From semantic security to chosen-plaintext attacks.

This section answers “why is ECB bad, formally?” Connect back: we just saw ECB leaking penguin outlines. Now we define the security notion that ECB violates. IND-CPA is the standard for block cipher modes because it handles key reuse.

From Semantic Security to IND-CPA

• Recall: semantic security guarantees that a single ciphertext leaks nothing
  • This is good enough if we only encrypt one message per key
• But we reuse keys in practice! What if an adversary sees multiple ciphertexts?
• IND-CPA (indistinguishability under chosen-plaintext attack):
  • The adversary has access to an encryption oracle \(\text{Enc}(k, \cdot)\)
    • Query it with any single message \(m\); receive \(c \leftarrow E(k, m)\)
    • Can query before and after receiving the challenge ciphertext
  • The adversary submits a challenge pair \((m_0, m_1)\) with \(|m_0| = |m_1|\)
    • Receives \(c^* \leftarrow E(k, m_b)\) for a uniformly random secret bit \(b\)
  • The adversary outputs \(\hat{b}\); \(\text{CPA}_\text{adv}[\mathcal{A}, \mathcal{E}]\) must be negligible for all efficient \(\mathcal{A}\)
• This is the standard we need for any practical encryption scheme
  • Keys are expensive to establish, so we reuse them!

No Deterministic Cipher is IND-CPA Secure

• Claim: if \(E(k, m)\) is deterministic, it can’t be IND-CPA secure
  • The core problem: a deterministic cipher always gives the same answer for the same input
  • So an adversary can just ask “encrypt \(m_0\) for me” and compare the result to the challenge ciphertext
• Proof: construct an adversary \(\mathcal{A}\) that always wins
  • Pick any two distinct messages \(m_0, m_1\)
  • Submit the challenge pair \((m_0, m_1)\); receive \(c^* \leftarrow E(k, m_b)\)
  • After the challenge: query the encryption oracle with the single message \(m_0\)
  • The oracle returns \(c' \leftarrow E(k, m_0)\)
  • Since encryption is deterministic: \(E(k, m_0)\) always gives the same result
  • If \(c^* = c'\), output \(\hat{b} = 0\).

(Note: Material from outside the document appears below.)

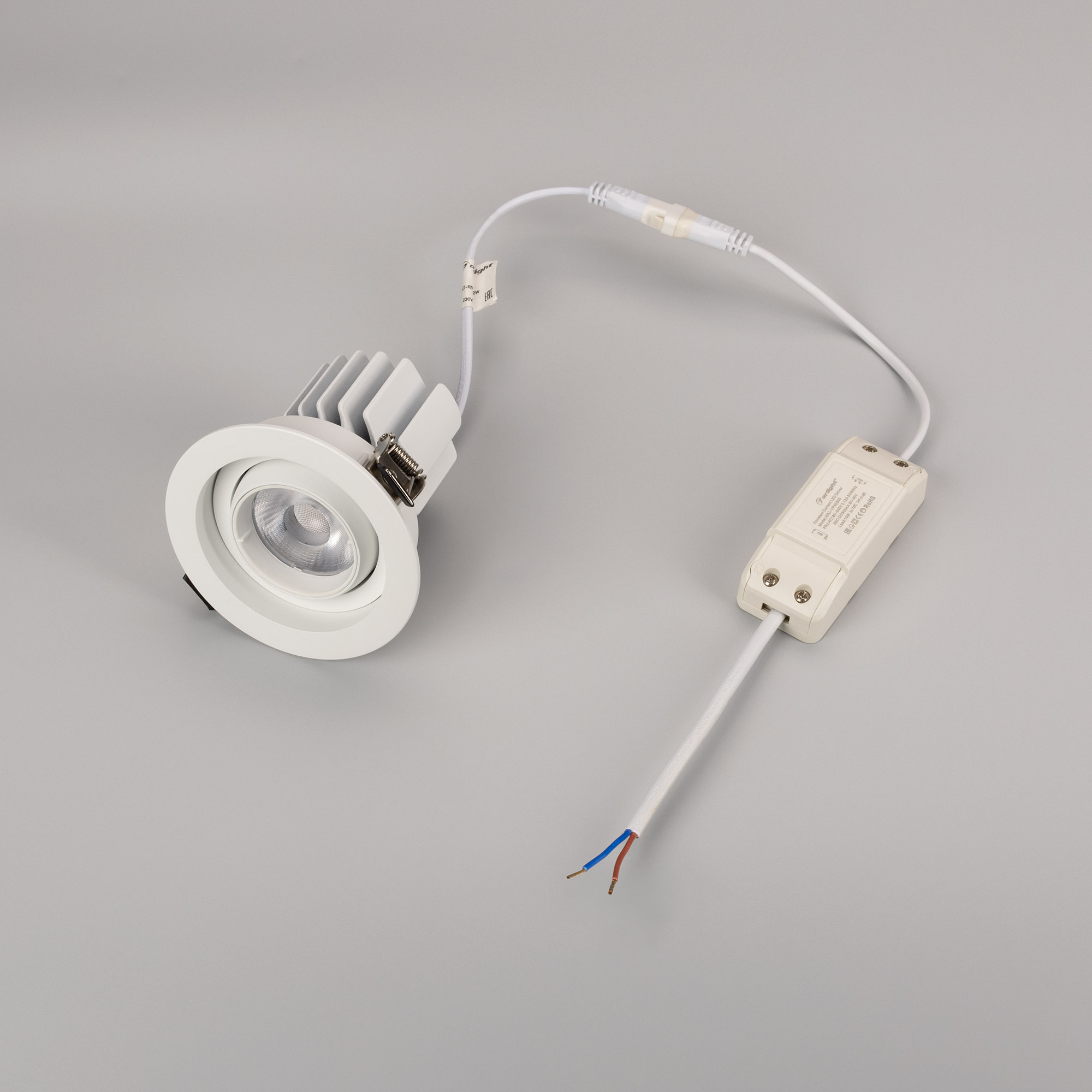 Встраиваемый карданный поворотный светильник с высоким индексом цветопередачи CRI>92 предназначен для создания качественного освещения. За основу поворотного механизма светильника взят принцип кардана – подвижное соединение двух колец, вложенных одно в другое. Световой модуль вращается вокруг своей оси на 360 градусов и отклоняется от горизонта на 30 градусов, что позволяет с лёгкостью регулировать направление пучка света и его концентрацию на определенной зоне. Особая конфигурация корпуса из алюминия оригинально смотрится в интерьере и позволяет эффективно отводить тепло. Светильник с углом рассеивания 40 градусов отлично подходит как для локальной акцентной подсветки витрин, прилавков магазинов, бутиков и стендов выставочных залов, так и для общего освещения. Легко устанавливается с помощью пружин в монтажное отверстие потолка. В комплекте поставляется драйвер, что позволяет безопасно и быстро подключать светильник напрямую к сети переменного тока 230 В.

Otherwise, output \(\hat{b} = 1\).
• \(\mathcal{A}\) is correct with probability 1, so \(\text{CPA}_\text{adv}[\mathcal{A}, \mathcal{E}] = 1\)
  • Not negligible! The cipher is broken under IND-CPA. \(\square\)

What This Tells Us

• A bare block cipher \(E(k, \cdot)\) is semantically secure (for a single encryption)
  • But it is not IND-CPA secure, because it’s deterministic!
• The proof above applies to any deterministic cipher
  • Bare AES or DES? Deterministic. Not IND-CPA secure.
  • ECB mode? Deterministic. Not IND-CPA secure.
  • Stream cipher without a nonce? Deterministic. Not IND-CPA secure.
• To achieve IND-CPA, encryption must be non-deterministic
  • Either randomised (e.g. random IV) or nonce-based (e.g. counter)
  • This is exactly why we need modes of operation

So are SS and IND-CPA equivalent?

• For a deterministic cipher: no! We just saw the bare block cipher is SS but not IND-CPA
• For a probabilistic cipher (one that uses randomness or a nonce): yes!
  • SS \(\Rightarrow\) IND-CPA and IND-CPA \(\Rightarrow\) SS
• The second direction (IND-CPA \(\Rightarrow\) SS) is easy:
  • If you can’t distinguish ciphertexts even with an encryption oracle, you certainly can’t without one!
• The first direction (SS \(\Rightarrow\) IND-CPA) is the interesting one
  • How do we go from “one ciphertext is safe” to “\(Q\) ciphertexts are safe”?
  • We need a proof technique: the hybrid argument

The Hybrid Argument: Intuition

• Imagine two photos of a room that differ in 10 small ways
  • Spotting all the differences at once is hard
  • But comparing two photos that differ in one way? Much easier
• A hybrid argument works the same way:
  • You want to show that World A and World B are indistinguishable
  • Instead of comparing them directly, build a chain of intermediate “hybrid” worlds
  • Each neighbouring pair differs in exactly one small change
  • If nobody can spot any single change, nobody can spot all the changes together

Hybrid Proof: SS \(\Rightarrow\) IND-CPA

• Suppose the adversary makes \(Q\) encryption-oracle queries in the IND-CPA game
  • Each oracle response is either \(E(k, m_0)\) or \(E(k, m_1)\); this varies across hybrid worlds
• Build a chain of hybrid worlds \(H_0, H_1, \ldots, H_Q\):
  • \(H_0\): all \(Q\) ciphertexts encrypt \(m_0\) (this is Experiment 0)
  • \(H_1\): the first ciphertext encrypts \(m_1\), the rest encrypt \(m_0\)
  • \(H_2\): the first two encrypt \(m_1\), the rest encrypt \(m_0\)
  • \(\ldots\)
  • \(H_Q\): all \(Q\) ciphertexts encrypt \(m_1\) (this is Experiment 1)
• Each step \(H_i \to H_{i+1}\) changes exactly one ciphertext from \(E(k, m_0)\) to \(E(k, m_1)\)
  • But the cipher is probabilistic, so the ciphertext looks fresh each time!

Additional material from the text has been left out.